In line with the amendments to the Regulations, the following amendments to the Guidelines were made to reflect new disclosure requirements. First, two additional matters must be included as part of the terms and conditions of a tender offer: (i) whether the tender offer is subject to the approval of, or registration with, the FSC or other authorities; and if so, whether the tender offer has been duly approved or registered; and (ii) in the event that the tender offeror makes a public announcement after the conditions of the tender offer are satisfied, the tender offeree is prohibited from withdrawing his/her express intent to sell, unless it is otherwise permitted pursuant to the Regulations.

Secondly, an additional matter should be included in the section on matters concerning the tender offeror's sale or purchase of the target company's shares: The terms and conditions of any agreement or arrangement between the tender offeror and certain shareholders of the target company with respect to the tender offer must be stated: for example whether the shareholders will be entitled to participate in any investment to be made by the tender offeror or any of its affiliates.

As stated above, it has been clarified that obtaining required governmental approvals will be one of the conditions to a tender offer and a public announcement of a successful tender offer cannot be made without first obtaining such required governmental approvals.
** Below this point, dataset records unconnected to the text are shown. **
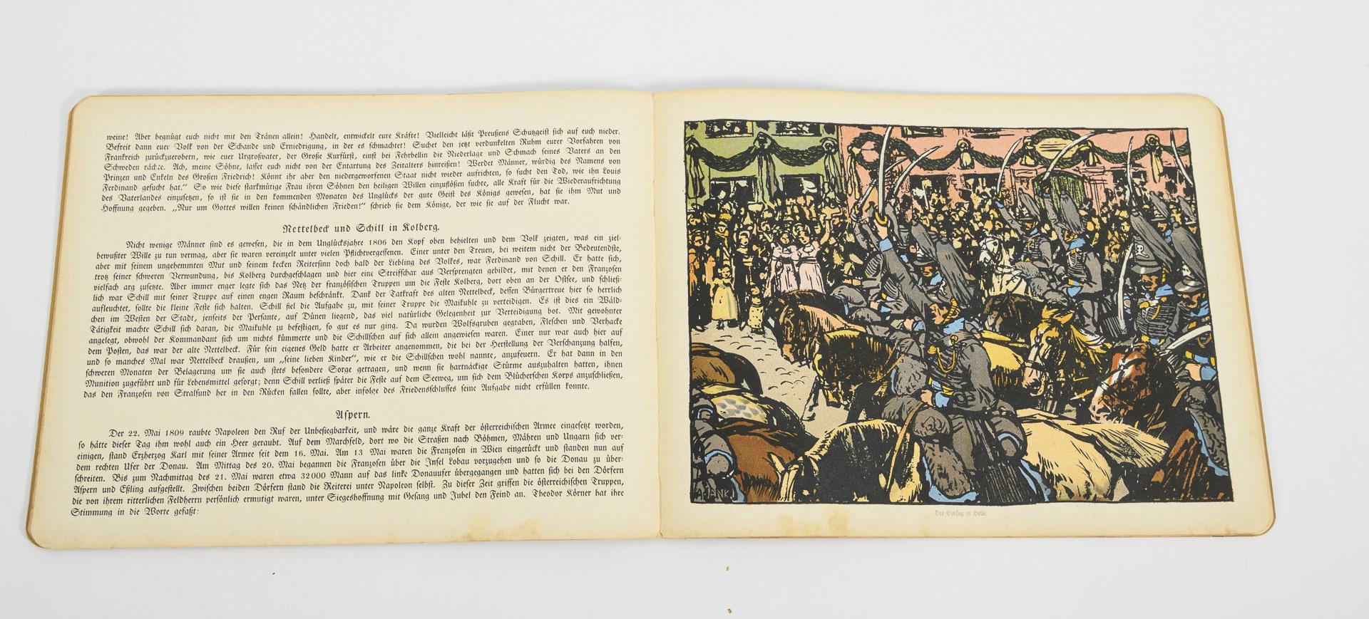 Herausgeber Wilhelm Kotzde: "Zehn Jahre deutscher Not (1803 - 1812)" / "Die Wacht am Rhein" / "Nach Frankreich hinein (1814-1815)" / "Frühling und Freiheit (1813)" alle mit Bildern von Angelo Jank. / "Bismarck" mit Bildern von Karl Bauer. Immer 8 Seiten mit Farblithografien, im Halbleineneinband. Altersgemäße Gebrauchsspuren, ein Buch mit eingerissenem Deckel.
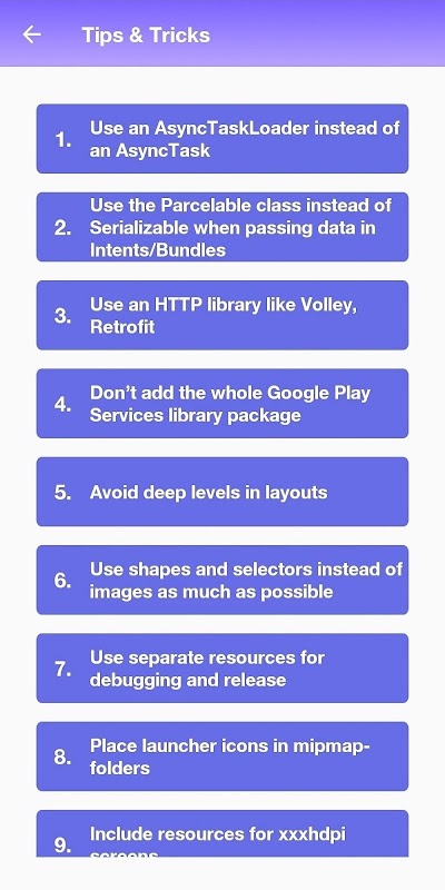 แอปพลิเคชั่นประกอบด้วยหกหมวดหมู่หลักที่กล่าวถึงด้านล่างหมวดหมู่ที่ครอบคลุมแนวคิดพื้นฐานที่สำคัญเช่นทุกประเภทของรูปแบบ, ปุ่ม, มุมมอง, ชิ้นส่วน, กิจกรรม, เจตนาและคำถามสัมภาษณ์
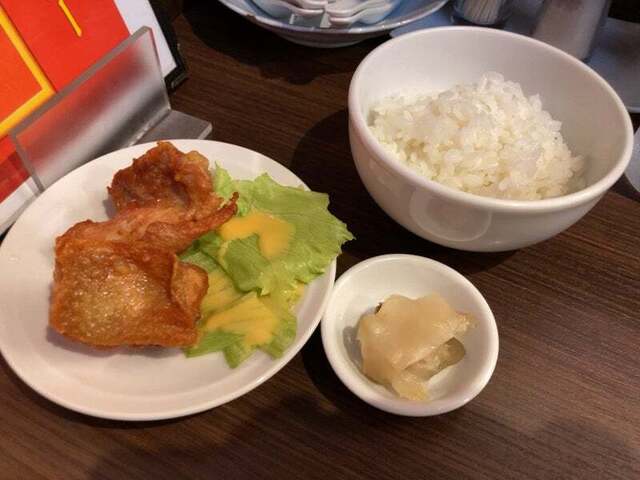 同時にセットの唐揚げは中ぐらいの大きさのが3つやってきました。これにご飯とザーサイがついて、お値段そのまま+150円ならかなりお得感があります。
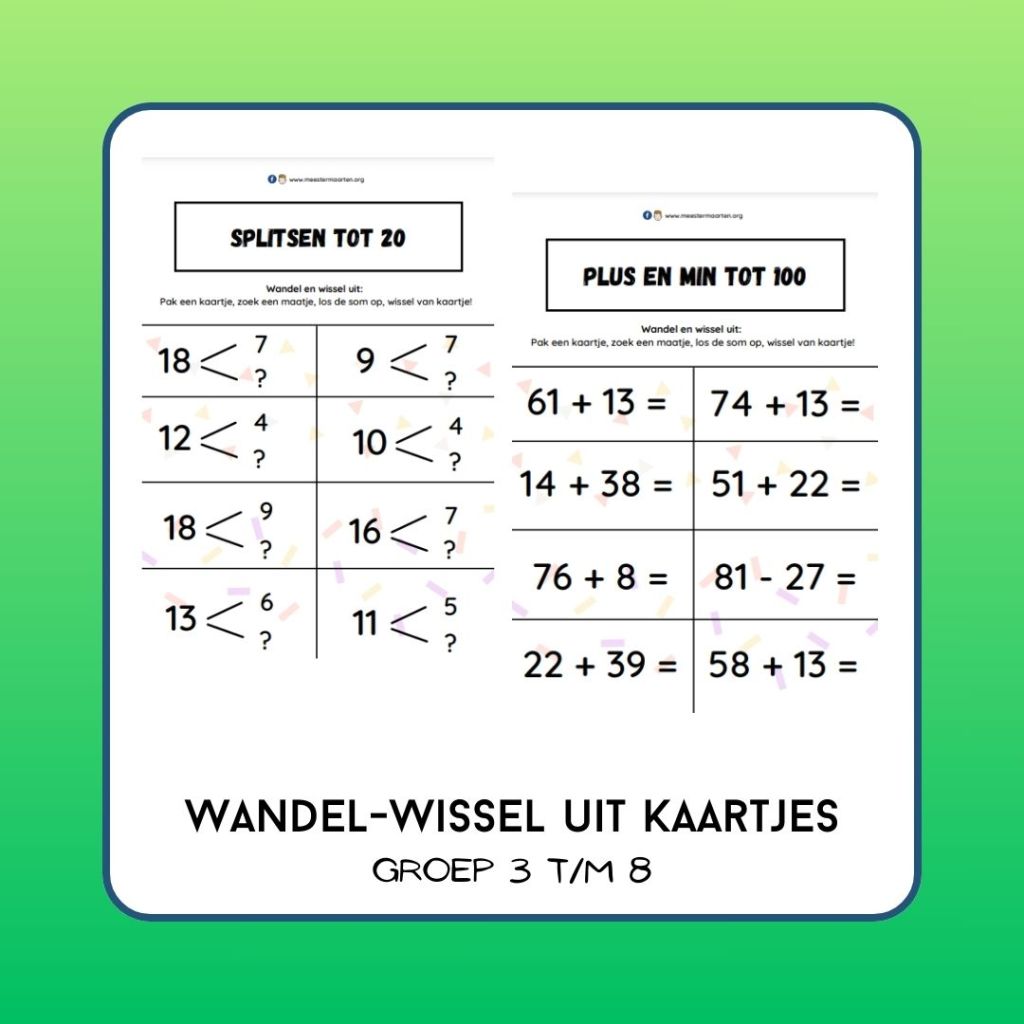 Automatiseer sommen met de activerende werkvorm wandel-wissel-uit. Zoek een maatje, deel de som, ruil van kaartje en ga verder!
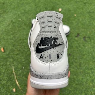 Zapatillas Jordan 4 con un diseño clásico. - Combinación de colores blanco y gris cemento. - Detalle de salpicaduras grises en la mediasuela y el guardabarros. - Malla texturizada en los paneles laterales y la lengüeta.
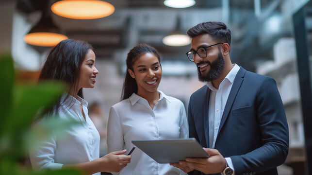 Diverse team collaborates with technology at office
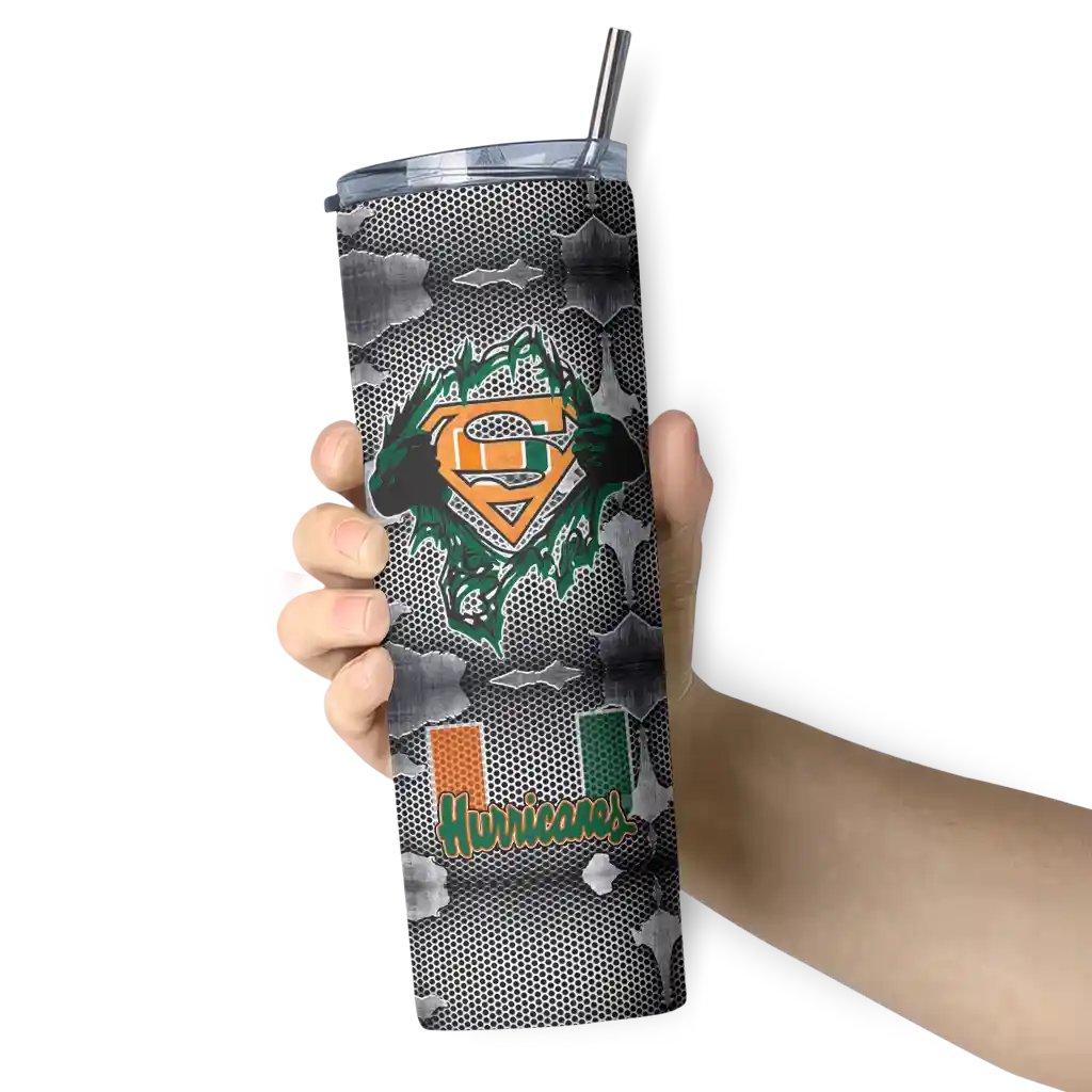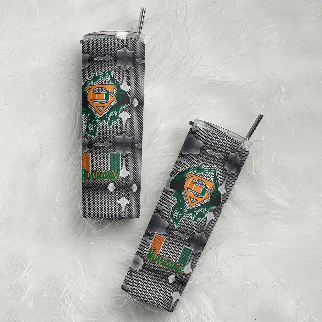 Introducing the Miami Hurricanes Tumblers from NCAA Fan Pro —where fan pride meets practical design. This slim tumbler is created for NCAA fans who want their drinks at the perfect temperature while displaying their school pride. The double-wall insulation ensures your hot beverages stay warm and your cold drinks stay chilled for hours, so you can enjoy your drinks at their best, whether you're at a game, tailgate, or on the go.
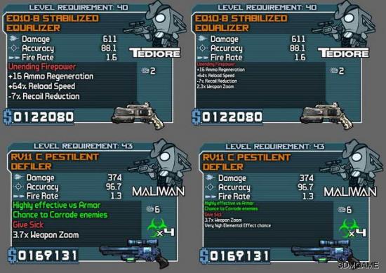 我把字体大小改成9之后的效果,两把左轮,一个职业MOD,效果很明显了…发现即使同样是Give Sick红字的左轮,触发元素伤害的几率也是有高有低,改完字体后好不犹豫的把原来那把触发几率是High的换掉了。
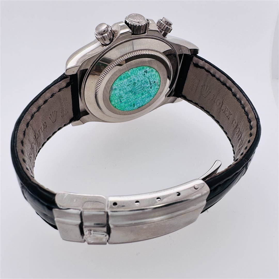 One Rolex Daytona 18k White Gold MoP Dial with Leather Strap Wristwatch (Very Rare). This watch is in excellent condition. The watch photographed is the actual watch.
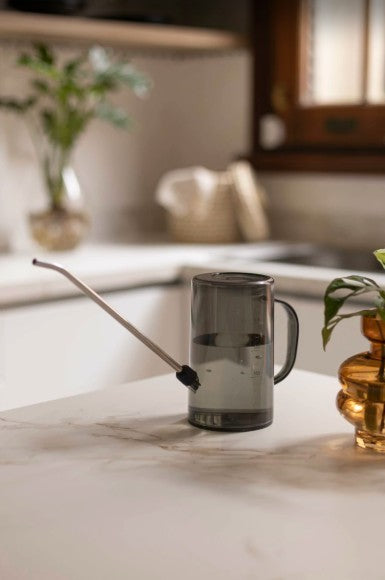 Regador de acrílico com bico de aço inoxidável. Ideal para jardinagem doméstica e cuidado de plantas. Capacidade de 1L.
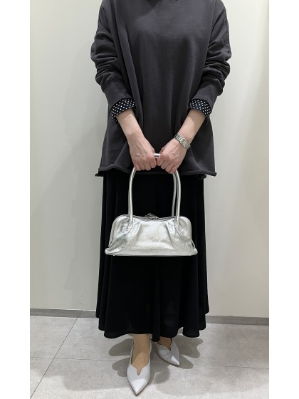 トレンドの横長×ロングハンドルのフォルムをややカーヴィなラインと大きく入れたダーツで立体的にこなしたボストンバッグ。
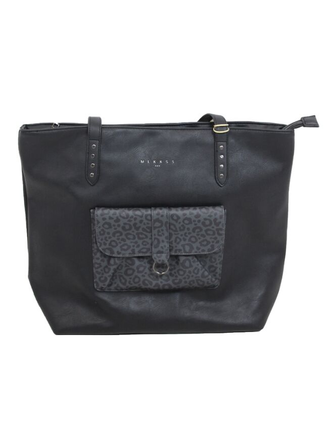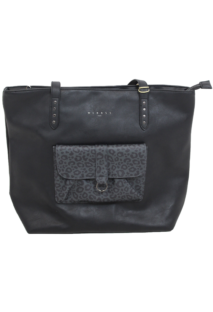 Handtas van Milky Kiss Soulmate. Kan als schoudertas en als handtas gedragen worden. De tas heeft een ritssluiting. Op de voorkant zit een voorvakje in een panter print.
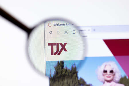 Los Angeles, California, USA - 20 March 2020: TJX company logo on website page close-up on screen, Illustrative Editorial.
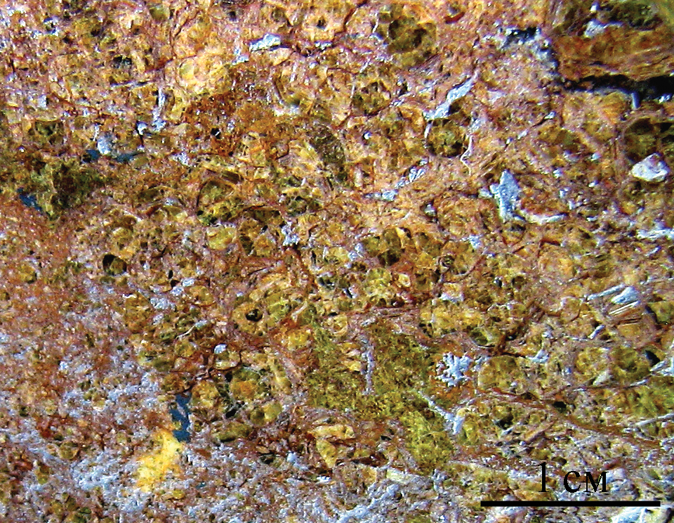 13. Fig. 12. Garnet «sand»: andradite (light green) in porous limonite (yellow-brown) with quartz and gypsum in cavities (light gray).
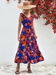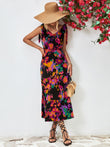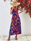 Multicolored V-Neck Backless Midi Dress
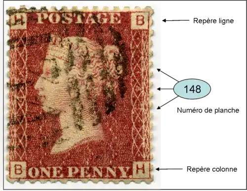 - La position de chaque timbre dans une planche est repérée par des lettres identifiant lignes et colonnes ;
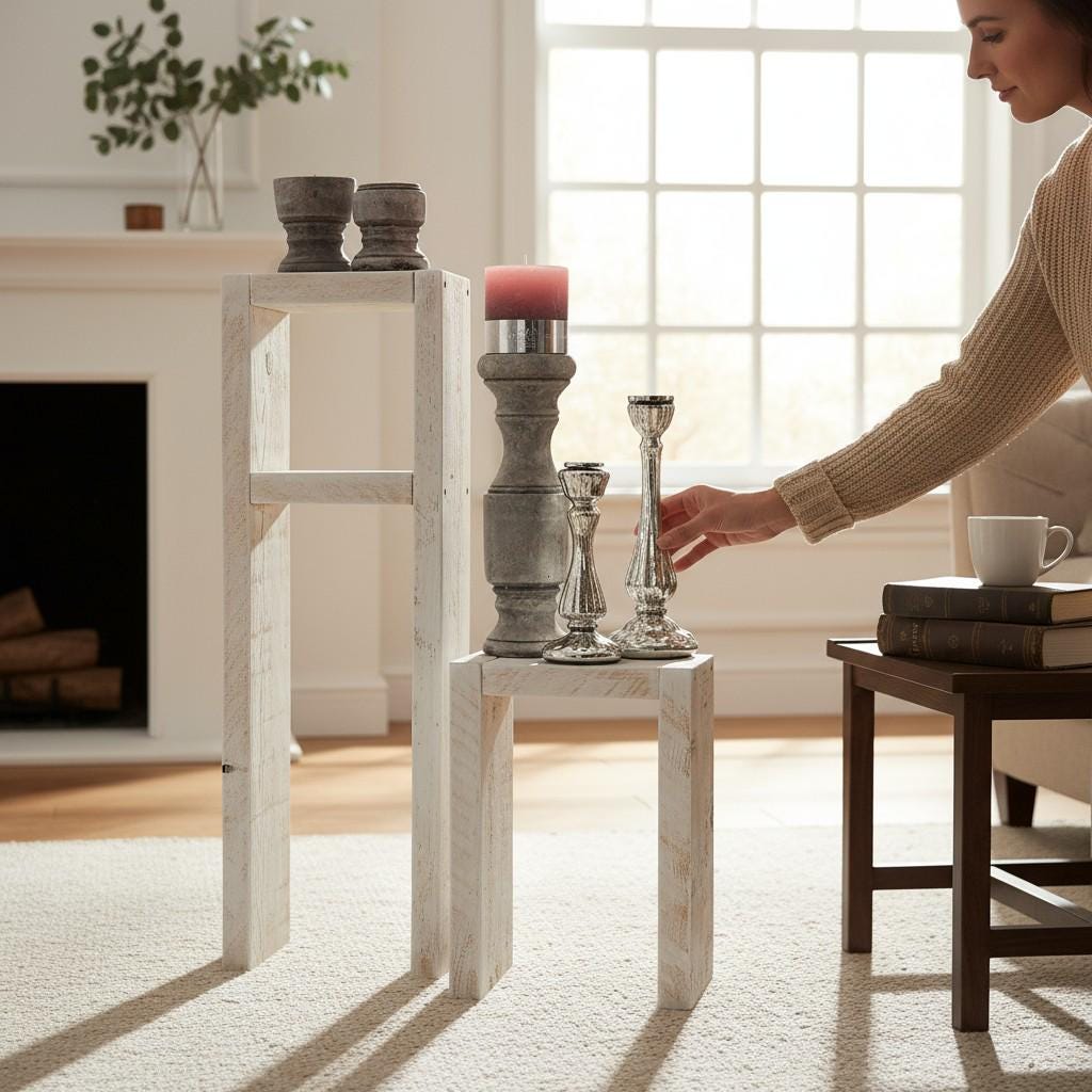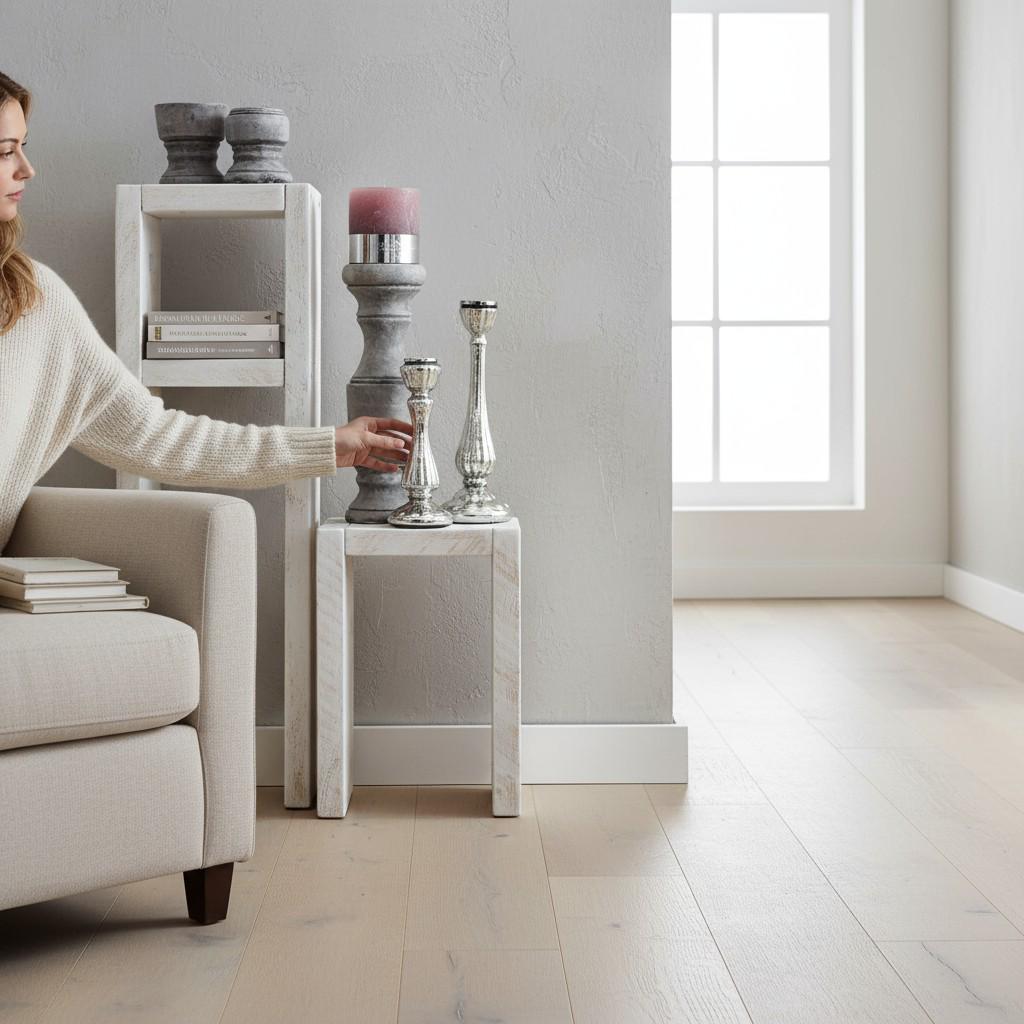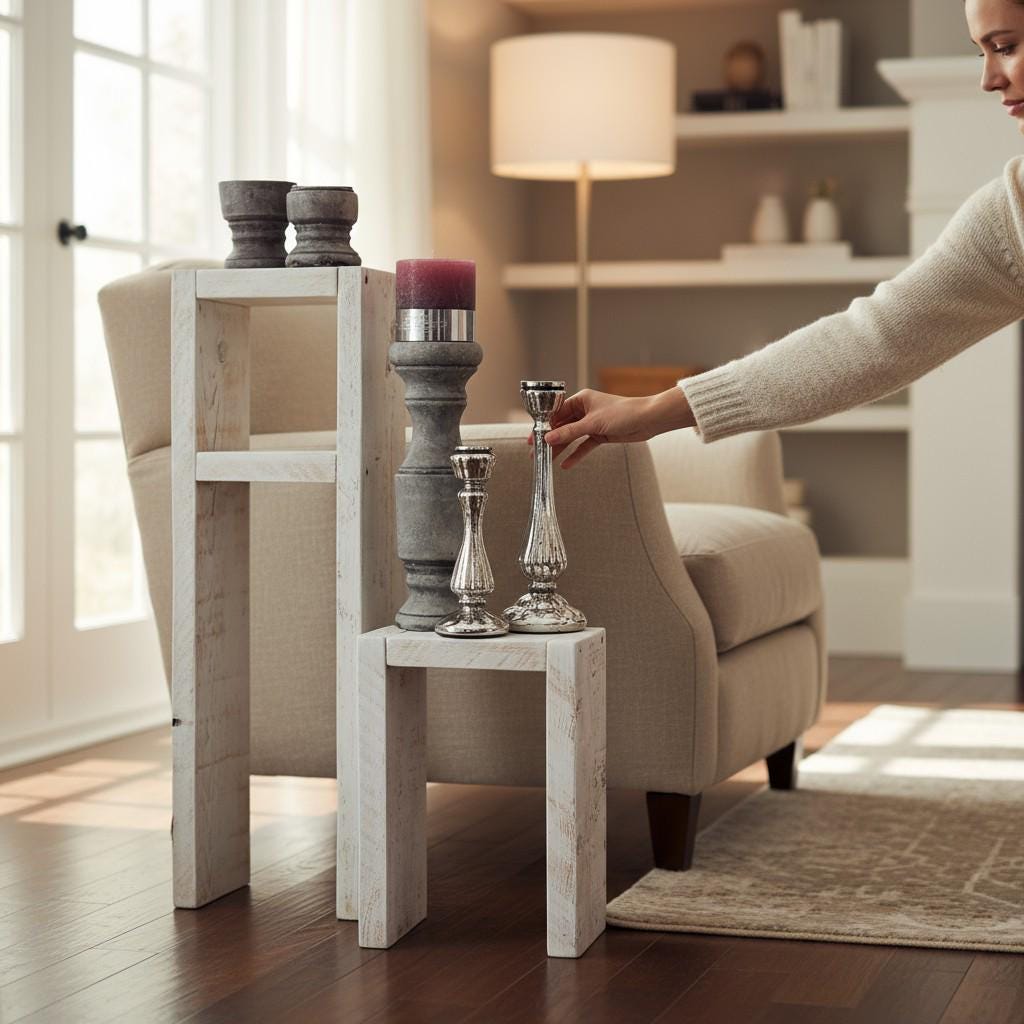 The tables are made of robust spruce wood. Then they are painted by us in a white glaze finish and get their individual character.

For private deals, obtaining required governmental approvals has always been a condition precedent. Another common condition to a tender offer is to ensure that there are no encumbrances on the shares to be tendered.

Material adverse change clauses are also commonly seen as the condition precedent to the conclusion of a tender offer (only limited to a material adverse change in the financial and business conditions of the target company), as well as a condition precedent to closing in a private transaction. However, neither the securities authorities nor the court have elaborated the term "material adverse change", so the relevant authority may at its discretion determine whether there is a material adverse change in the financial and business conditions of the target company on a case-by-case basis. In practice, the securities authorities would be extremely reluctant to agree to any suspension of a tender offer driven by commercial reasons. Thus far, no cases have been seen where material adverse change has resulted in failure of tender offer or large private deals.

For deals that are not conducted by way of tender offer, there have been many kinds of conditions precedent based on the parties' needs and requirements. For example, in 2009, the China Mobile and Far Eastone deal was conditioned upon the future relaxation of the relevant regulatory restrictions.

Regulations and regulatory bodies


In Taiwan, the M&A Act was specifically enacted to govern takeovers in general. The MOEA is the regulatory body in charge of the interpretation and application of the M&A Act and matters regarding formation of corporate entities and registration of companies. A part of the MOEA's function is similar to that of the Department of Commerce of the US Also, the Financial Institutions Merger Act and the Financial Holding Company Act apply to the mergers and acquisitions of financial institutions. The FSC is the regulatory body in charge of the M&A activities of financial institutions and public companies and it is also the supervision body of the financial industry and securities transaction/market.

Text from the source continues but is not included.